- **Directions**:
Transcribe the listing exactly, leaving out every picture.

- **Exercise data**:
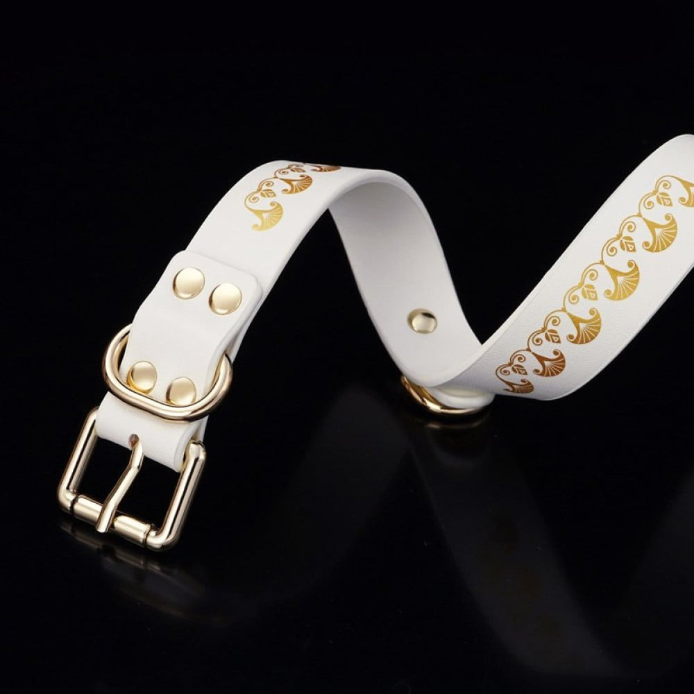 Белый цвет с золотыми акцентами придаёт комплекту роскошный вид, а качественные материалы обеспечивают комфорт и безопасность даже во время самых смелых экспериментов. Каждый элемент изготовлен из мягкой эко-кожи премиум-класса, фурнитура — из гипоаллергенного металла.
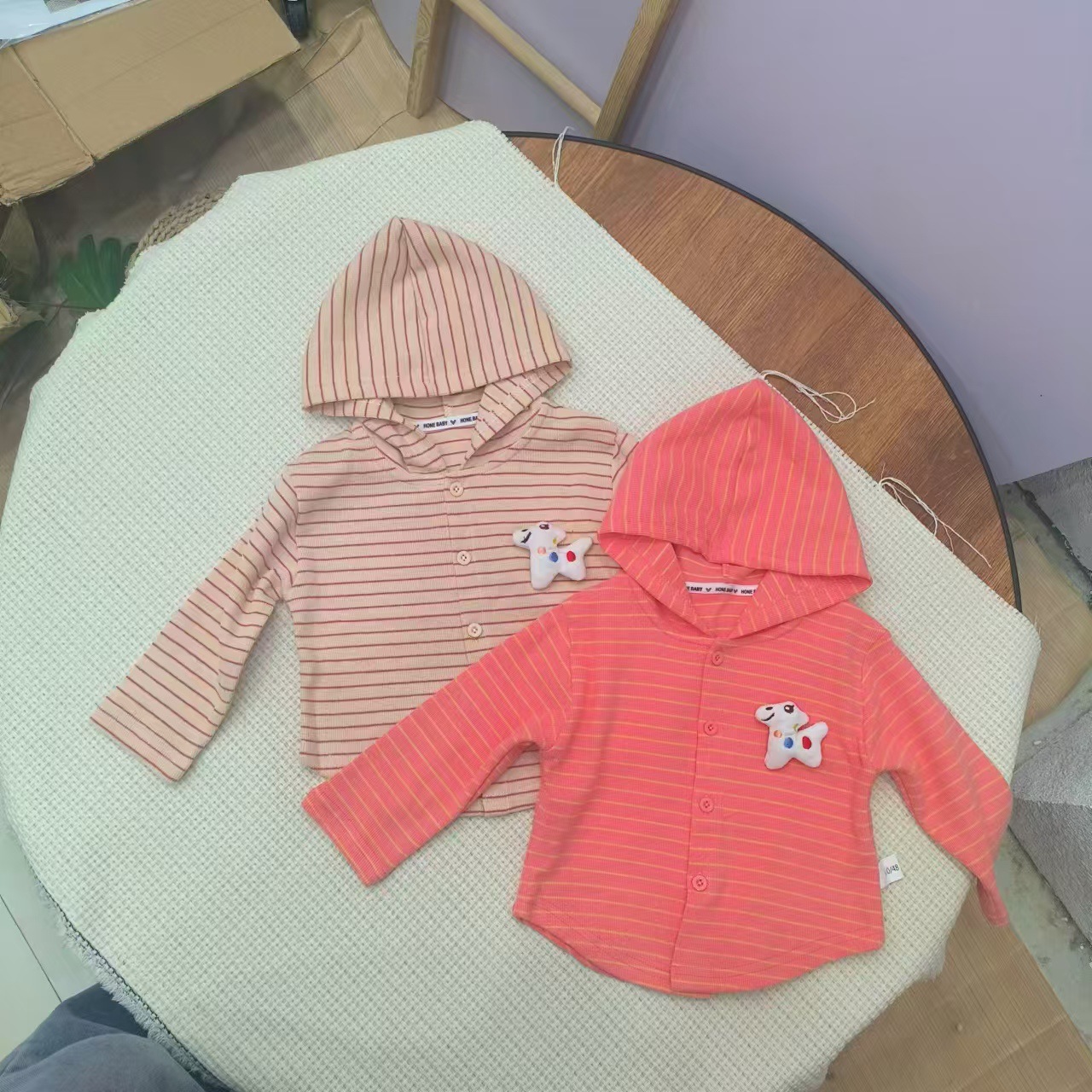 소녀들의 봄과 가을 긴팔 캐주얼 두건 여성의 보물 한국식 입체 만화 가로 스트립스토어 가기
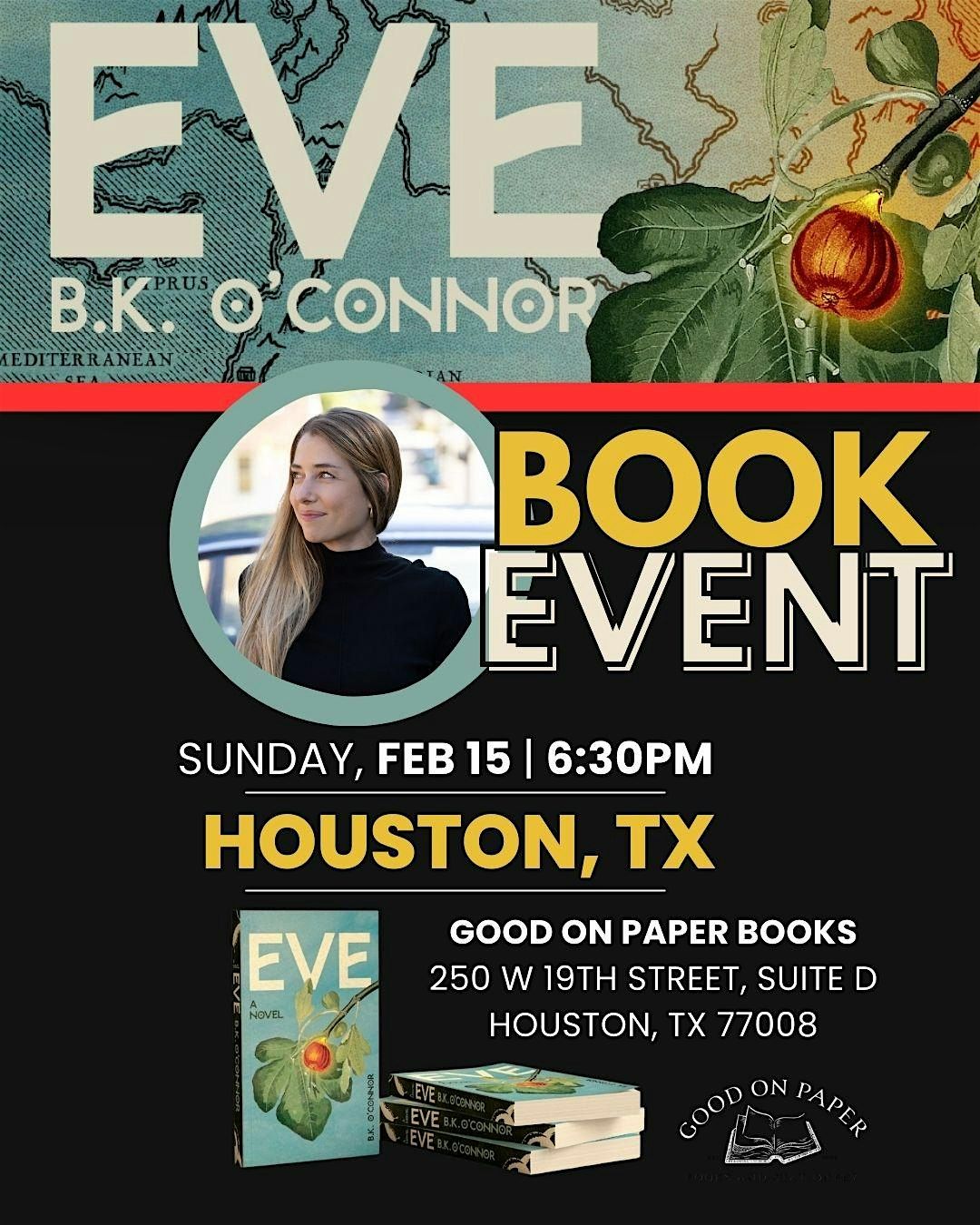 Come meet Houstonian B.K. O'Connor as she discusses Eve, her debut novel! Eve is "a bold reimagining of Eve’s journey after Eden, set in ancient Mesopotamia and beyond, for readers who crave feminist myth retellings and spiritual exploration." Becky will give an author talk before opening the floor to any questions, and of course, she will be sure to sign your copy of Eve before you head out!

- **Output**:
 Белый цвет с золотыми акцентами придаёт комплекту роскошный вид, а качественные материалы обеспечивают комфорт и безопасность даже во время самых смелых экспериментов. Каждый элемент изготовлен из мягкой эко-кожи премиум-класса, фурнитура — из гипоаллергенного металла.
 소녀들의 봄과 가을 긴팔 캐주얼 두건 여성의 보물 한국식 입체 만화 가로 스트립스토어 가기
 Come meet Houstonian B.K. O'Connor as she discusses Eve, her debut novel! Eve is "a bold reimagining of Eve’s journey after Eden, set in ancient Mesopotamia and beyond, for readers who crave feminist myth retellings and spiritual exploration." Becky will give an author talk before opening the floor to any questions, and of course, she will be sure to sign your copy of Eve before you head out!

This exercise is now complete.